Жюли отодвинулась в тень, чтобы не было видно, как она покраснела.
– Милое дитя, – продолжал Андре, – если бы твоя нынешняя жизнь тебе нравилась, разве бы ты мечтала приблизить будущее?
– Но ведь мы можем желать не только богатства, – прошептала молодая женщина.
– Чего же?
– Когда я впервые увидела тебя там, в Сартэне, то решила погадать на ромашке и стала обрывать лепестки: «Любит – не любит?»
Андре закрыл ей рот поцелуем.
– Люблю всем сердцем, – добавил он почти сурово. – И чтобы в этом увериться, вам, Жюли, не нужны ни карты, ни цветы.
– Это правда, – воскликнула она, обняв его обеими руками, – и я лукавила.
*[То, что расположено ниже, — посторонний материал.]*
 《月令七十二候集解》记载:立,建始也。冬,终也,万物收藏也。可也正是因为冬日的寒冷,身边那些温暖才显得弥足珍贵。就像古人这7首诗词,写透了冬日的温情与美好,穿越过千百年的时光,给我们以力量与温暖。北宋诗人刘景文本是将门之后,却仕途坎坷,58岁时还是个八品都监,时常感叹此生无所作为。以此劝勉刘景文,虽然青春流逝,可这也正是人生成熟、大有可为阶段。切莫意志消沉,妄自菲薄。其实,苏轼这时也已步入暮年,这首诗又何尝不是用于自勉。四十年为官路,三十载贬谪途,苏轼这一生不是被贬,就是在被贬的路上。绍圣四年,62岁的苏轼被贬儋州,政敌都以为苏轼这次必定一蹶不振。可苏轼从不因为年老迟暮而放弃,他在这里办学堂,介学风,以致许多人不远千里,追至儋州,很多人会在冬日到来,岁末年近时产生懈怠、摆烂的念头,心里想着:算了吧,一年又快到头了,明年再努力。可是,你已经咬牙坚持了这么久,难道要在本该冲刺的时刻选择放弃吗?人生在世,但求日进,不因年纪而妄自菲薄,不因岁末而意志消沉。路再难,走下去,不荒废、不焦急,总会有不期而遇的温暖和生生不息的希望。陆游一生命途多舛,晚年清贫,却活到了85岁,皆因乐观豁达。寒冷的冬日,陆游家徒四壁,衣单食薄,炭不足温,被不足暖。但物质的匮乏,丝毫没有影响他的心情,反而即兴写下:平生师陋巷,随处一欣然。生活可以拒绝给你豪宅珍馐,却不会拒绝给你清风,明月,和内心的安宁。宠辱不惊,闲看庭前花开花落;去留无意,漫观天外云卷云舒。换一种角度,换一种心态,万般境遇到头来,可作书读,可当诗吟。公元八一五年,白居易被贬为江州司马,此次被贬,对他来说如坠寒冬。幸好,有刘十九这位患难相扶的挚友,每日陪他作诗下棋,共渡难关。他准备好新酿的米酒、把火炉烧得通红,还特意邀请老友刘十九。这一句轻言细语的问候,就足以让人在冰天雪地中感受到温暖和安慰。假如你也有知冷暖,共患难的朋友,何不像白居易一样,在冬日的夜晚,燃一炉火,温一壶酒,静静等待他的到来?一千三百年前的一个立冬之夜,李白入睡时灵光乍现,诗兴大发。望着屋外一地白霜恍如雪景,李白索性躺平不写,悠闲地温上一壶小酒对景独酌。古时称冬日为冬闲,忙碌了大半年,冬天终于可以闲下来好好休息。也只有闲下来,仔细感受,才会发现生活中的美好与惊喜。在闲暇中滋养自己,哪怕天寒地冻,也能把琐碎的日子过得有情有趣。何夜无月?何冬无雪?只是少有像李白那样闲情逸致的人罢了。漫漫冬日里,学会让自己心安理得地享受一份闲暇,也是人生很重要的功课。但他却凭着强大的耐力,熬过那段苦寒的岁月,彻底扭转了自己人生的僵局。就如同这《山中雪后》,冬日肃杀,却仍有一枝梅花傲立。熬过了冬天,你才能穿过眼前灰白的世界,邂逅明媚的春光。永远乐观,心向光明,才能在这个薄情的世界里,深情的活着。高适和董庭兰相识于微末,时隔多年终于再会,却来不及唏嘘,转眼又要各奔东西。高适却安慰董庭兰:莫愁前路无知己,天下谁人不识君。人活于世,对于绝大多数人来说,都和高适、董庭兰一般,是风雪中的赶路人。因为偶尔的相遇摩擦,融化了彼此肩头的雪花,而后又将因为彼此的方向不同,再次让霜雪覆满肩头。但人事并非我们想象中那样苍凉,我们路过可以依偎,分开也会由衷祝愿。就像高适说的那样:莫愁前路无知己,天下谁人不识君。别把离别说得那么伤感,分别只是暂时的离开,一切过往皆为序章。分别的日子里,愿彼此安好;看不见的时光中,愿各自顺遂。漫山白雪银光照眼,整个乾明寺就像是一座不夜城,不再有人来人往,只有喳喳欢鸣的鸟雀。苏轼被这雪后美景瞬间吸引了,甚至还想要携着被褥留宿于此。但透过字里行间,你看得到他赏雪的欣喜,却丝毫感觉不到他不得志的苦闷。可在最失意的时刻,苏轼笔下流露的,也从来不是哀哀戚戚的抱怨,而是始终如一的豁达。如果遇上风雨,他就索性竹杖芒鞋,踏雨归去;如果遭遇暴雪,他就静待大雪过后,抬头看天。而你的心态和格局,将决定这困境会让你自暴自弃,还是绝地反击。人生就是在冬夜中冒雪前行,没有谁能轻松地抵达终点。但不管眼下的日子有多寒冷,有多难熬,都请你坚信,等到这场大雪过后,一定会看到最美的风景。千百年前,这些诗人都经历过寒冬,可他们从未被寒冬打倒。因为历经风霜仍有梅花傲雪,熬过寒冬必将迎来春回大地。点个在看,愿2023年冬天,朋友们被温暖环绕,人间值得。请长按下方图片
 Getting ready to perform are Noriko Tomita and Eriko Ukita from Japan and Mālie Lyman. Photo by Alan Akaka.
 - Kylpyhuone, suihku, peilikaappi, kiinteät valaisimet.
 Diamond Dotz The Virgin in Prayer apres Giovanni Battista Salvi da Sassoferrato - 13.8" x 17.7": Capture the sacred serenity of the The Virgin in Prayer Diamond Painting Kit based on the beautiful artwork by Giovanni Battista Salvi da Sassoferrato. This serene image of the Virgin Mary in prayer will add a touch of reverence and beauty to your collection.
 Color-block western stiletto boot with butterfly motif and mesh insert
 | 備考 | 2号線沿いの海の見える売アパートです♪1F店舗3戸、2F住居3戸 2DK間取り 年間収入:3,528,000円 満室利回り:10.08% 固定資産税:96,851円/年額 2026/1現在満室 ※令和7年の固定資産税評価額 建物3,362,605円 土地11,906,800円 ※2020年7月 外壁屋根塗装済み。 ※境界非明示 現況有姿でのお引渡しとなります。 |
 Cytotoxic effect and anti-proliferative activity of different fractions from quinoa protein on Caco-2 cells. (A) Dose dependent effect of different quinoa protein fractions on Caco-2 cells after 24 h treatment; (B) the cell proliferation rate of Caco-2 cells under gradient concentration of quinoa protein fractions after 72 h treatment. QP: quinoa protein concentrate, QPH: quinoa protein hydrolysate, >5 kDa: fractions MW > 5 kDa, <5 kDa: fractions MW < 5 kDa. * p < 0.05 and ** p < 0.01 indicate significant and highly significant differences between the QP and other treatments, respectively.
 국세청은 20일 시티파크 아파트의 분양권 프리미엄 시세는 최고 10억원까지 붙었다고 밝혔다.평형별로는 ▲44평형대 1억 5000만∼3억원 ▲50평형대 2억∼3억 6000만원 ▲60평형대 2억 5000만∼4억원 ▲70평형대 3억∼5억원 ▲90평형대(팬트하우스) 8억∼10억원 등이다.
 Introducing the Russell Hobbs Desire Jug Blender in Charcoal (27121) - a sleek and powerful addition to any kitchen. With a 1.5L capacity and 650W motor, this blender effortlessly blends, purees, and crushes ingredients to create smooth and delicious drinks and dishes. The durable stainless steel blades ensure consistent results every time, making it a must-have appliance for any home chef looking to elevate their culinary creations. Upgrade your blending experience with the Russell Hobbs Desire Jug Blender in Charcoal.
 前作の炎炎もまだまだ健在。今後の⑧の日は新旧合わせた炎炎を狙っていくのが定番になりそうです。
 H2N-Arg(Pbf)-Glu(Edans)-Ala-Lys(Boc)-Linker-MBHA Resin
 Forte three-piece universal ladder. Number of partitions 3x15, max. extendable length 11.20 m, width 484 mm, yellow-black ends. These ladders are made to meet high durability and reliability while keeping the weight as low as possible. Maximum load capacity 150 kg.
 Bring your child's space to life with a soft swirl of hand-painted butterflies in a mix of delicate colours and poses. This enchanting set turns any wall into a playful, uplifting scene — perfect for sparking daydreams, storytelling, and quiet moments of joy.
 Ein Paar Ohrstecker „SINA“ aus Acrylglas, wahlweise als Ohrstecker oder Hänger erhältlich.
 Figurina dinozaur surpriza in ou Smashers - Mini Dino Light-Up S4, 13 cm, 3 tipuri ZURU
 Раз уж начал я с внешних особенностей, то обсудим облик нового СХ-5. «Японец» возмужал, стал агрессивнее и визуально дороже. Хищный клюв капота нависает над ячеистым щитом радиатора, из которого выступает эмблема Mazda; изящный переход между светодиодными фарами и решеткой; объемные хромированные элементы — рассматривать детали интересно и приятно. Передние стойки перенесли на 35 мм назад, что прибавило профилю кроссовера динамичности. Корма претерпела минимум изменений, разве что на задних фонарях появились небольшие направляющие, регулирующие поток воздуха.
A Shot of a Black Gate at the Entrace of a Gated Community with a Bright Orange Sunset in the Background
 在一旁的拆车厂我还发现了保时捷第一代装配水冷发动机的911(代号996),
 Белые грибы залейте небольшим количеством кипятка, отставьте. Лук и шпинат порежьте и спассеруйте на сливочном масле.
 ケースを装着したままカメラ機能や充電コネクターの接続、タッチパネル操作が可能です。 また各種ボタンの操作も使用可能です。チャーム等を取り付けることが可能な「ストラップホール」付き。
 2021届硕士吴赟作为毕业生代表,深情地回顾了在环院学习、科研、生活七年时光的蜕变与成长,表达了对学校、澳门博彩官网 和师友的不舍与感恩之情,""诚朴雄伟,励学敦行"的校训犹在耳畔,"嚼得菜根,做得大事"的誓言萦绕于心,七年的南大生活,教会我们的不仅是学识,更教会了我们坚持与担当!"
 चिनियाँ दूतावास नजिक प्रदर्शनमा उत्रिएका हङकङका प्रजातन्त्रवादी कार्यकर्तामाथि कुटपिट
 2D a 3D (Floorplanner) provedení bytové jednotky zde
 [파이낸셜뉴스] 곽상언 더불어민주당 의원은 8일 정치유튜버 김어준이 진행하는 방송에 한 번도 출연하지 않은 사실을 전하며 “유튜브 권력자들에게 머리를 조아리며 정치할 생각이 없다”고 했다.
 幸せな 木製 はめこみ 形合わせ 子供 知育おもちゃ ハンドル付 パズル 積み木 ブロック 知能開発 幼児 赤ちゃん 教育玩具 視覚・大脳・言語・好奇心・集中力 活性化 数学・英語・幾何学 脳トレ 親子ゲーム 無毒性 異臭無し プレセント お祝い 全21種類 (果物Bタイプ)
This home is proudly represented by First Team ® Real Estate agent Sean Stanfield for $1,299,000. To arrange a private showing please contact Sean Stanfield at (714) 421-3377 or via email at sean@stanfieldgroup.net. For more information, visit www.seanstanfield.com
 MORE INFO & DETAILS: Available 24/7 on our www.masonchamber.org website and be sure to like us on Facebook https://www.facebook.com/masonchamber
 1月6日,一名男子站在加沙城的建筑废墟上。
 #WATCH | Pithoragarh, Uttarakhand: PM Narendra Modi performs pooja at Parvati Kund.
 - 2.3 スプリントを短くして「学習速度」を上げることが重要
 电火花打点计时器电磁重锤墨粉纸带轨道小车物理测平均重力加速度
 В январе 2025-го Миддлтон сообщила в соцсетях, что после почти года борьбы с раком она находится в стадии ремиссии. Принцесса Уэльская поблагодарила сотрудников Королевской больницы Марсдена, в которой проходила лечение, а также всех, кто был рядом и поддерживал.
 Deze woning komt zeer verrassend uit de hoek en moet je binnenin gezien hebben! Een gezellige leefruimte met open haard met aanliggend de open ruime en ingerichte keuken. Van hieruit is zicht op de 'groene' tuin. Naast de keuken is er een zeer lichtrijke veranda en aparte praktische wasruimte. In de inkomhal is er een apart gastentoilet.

Но ты сказал мне «вы» и наказал меня. Нет, я гадала не для того, чтобы узнать, как сильно ты меня любишь. Случаются дни, когда мне бывает страшно. Хорошо ли мы здесь спрятались от тех, кто тебя ненавидит, Андре?
Затем, тряхнув своей очаровательной головкой и с той решимостью, с какой говорят только правду, она продолжала:
– Нет, и не для этого, Андре… или, по крайней мере, еще и по другой причине: я гадала, чтобы узнать, займешь ли ты когда-нибудь то место, какое тебе надлежит занять в обществе. Ведь твое положение много ниже твоих способностей?..
– И что же ответили карты?
Жюли заколебалась, но затем, решившись, заговорила – и в голосе ее звенела радость:
– Сегодня вечером остались четыре туза.
– И это значит?..
– Коляска на четырех колесах, сударь. У нас будет карета!
– И в этой карете ты будешь сказочно хороша, дорогая, – заключил Андре с юношеским восторгом.
– Послушай, – продолжал он, – кто не рискует, тот и не бывает в выигрыше. У меня гораздо больше честолюбивых замыслов в отношении тебя, чем у тебя самой. Пришло время начинать битву. Если хочешь, мы отправимся в Париж.
Жюли издала радостный крик и с изяществом всплеснула руками. Затем, опомнившись, не без страха отозвалась:
– В Париж!
Для Жюли с ее пылким воображением в этом названии таилось почти столько же угроз, сколько и надежд.
– Но чтобы добиться успеха в Париже, нужны деньги, – заметила она.
– Сейчас попробуем сообразить! – сказал Андре, привлекая ее к себе.
Его ласковый голос звучал так многообещающе, что, казалось, говорил: «Вот увидишь, что в наших руках – сокровища!» Жюли слушала его внимательнейшим образом.
– Мы приехали сюда с Корсики, – продолжал Андре Мэйнотт, – с тремя тысячами франков, зашитыми в моем поясе. Теперь, живя в Кане, мы можем сказать, что мы начинали с более чем скромного достатка. Но если здесь не нужны средства, чтобы устроиться, то и возможности для торговли весьма невелики, и я смотрю на достигнутый нами успех, как на чудо. Только в Париже, в столице, действительно можно составить состояние.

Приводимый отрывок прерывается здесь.